So when I arrived in Rubengera, the town where my friend Mary lives which is near to the lake, I was shown around the sights and we ate in a bar charmingly titled ‘Le shit’. Le shit was actually quite a nice bar and it is a mystery how it ended up with such a name. We could watch people walking around the hairpin bend on the road carrying all manner of things from our vantage point at Le shit. The rest of the weekend was spent in Kibuye by the lake, relaxing and watching the world go by. Kibuye has to be the most relaxing place I know in Rwanda. Unlike the other lakeside town of Gisenyi, Kibuye is much smaller and quieter and you can genuinely find some peace and relaxation there. Also down by the lake are some lovely bits of tropical forest which we walked around quite a lot in search of a short cut to very nice lodge where we spent the afternoon eating really good food and lounging by the lake.

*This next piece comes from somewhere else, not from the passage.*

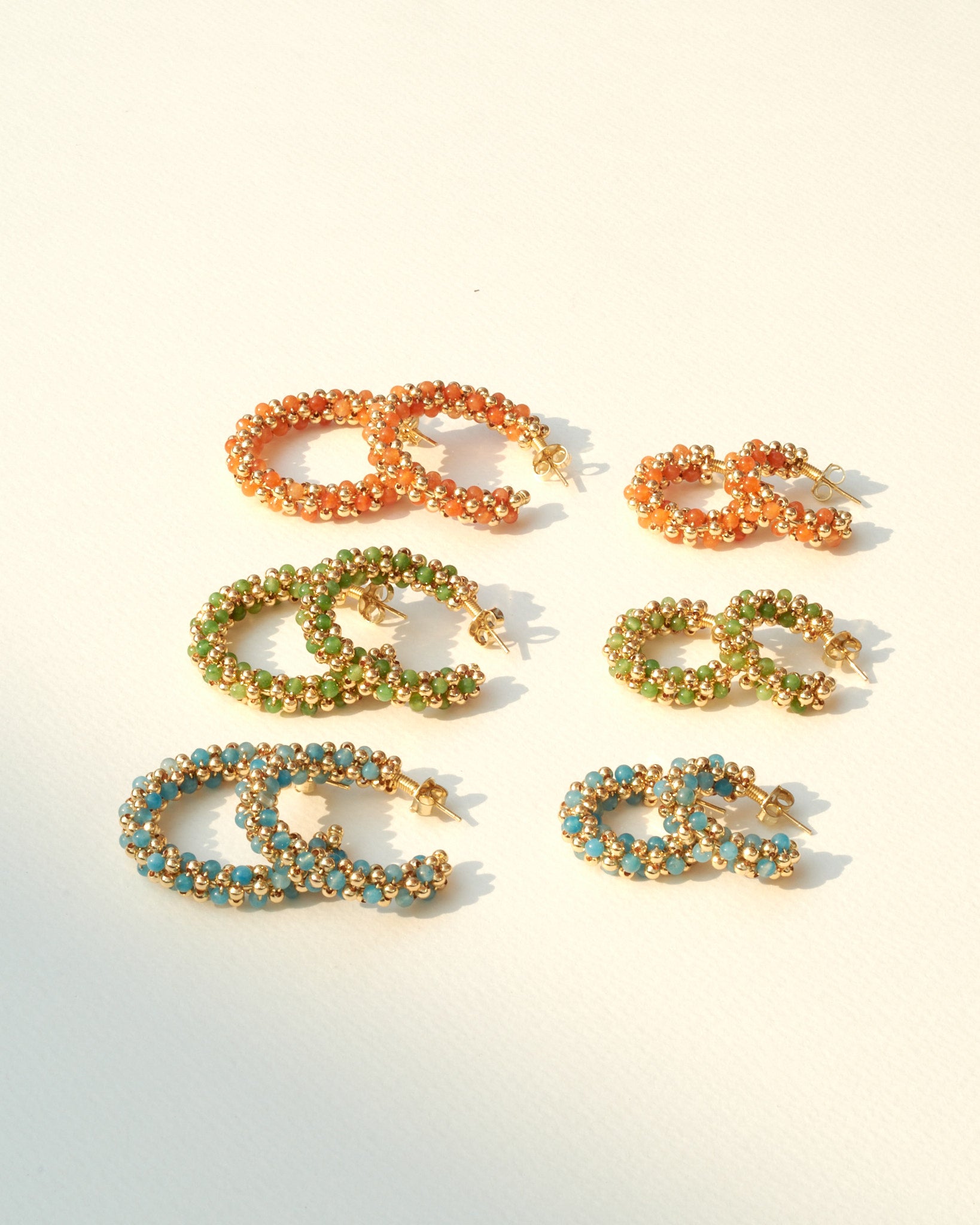 ARO EN BRONCE BAÑADO EN ORO DE 14K. BORDADO A MANO CON CUARZOS Y ESFERAS BAÑADAS EN ORO, COLECCIÓN INSPIRADA EN LA PLANTA DE AMARANTO.

But it wasn’t all about sunning ourselves by the lake. I had actually gone to do some work with Mary at her TTC as well. So on Sunday afternoon and all of Monday I helped her to make resources and organise her resource room for an exhibition that was happening later in the week. I made a shop, some rice sack tabards and various other little things. It was nice to be back in a resource centre for one last time before going off home. It made me feel all nostalgic for snowman marker pens, rice sacks and bottle tops. 

View from the window at Home St John, Kibuye


Me and Mary in the forest by the lake


Relaxing by the lake


Spraying bottle tops to make coins in Mary's TRC
 

The Queen’s Jubilee


Ok so while we didn’t get a four day weekend here in Rwanda, we did still get to go to a party. The Queen’s Jubilee party is my second and last visit to the British High Commissioner’s residence in Kigali. A good time was had by all with the free bar which had wonderful imported wine and pimms with lemonade. The High Commissioner’s house certainly looks very grand through the windows (they don’t let us into the actual house!) and it was suitably decorated with union Jacks emblazoned with the queen’s ever ageing face....well it was until all the vso vols stole the decorations...oh dear, I’m not sure they’ll be letting us back...



Wednesday 6 June 2012

The fresh mountain air of Gasarenda city

I couldn’t go home without one last trip to visit my friend Kathy who lives up in the mountains near Nyungwe forest.  I needed to remind myself how beautiful this place is and hang out with one of my closest friends.  Fortunately it is only an hour away from Butare so it was nice to go somewhere which didn’t involve shaking every bone in my body on a matatu for an unfeasibly long period of time or getting a moto into the back of beyond. 

When I arrived it was catholic education day at the TTC. This was an interesting new experience for me. My TTC is a 100% government funded school so we never celebrated it. We arrived long after all the speeches had finished, just in time for the food and beer...we didn’t plan it like that, honest, its just that Kathy had to spend the day getting me from Nyamagabe, the nearest district town, and we just had to hydrate ourselves in the country and western bar with the mountain views.  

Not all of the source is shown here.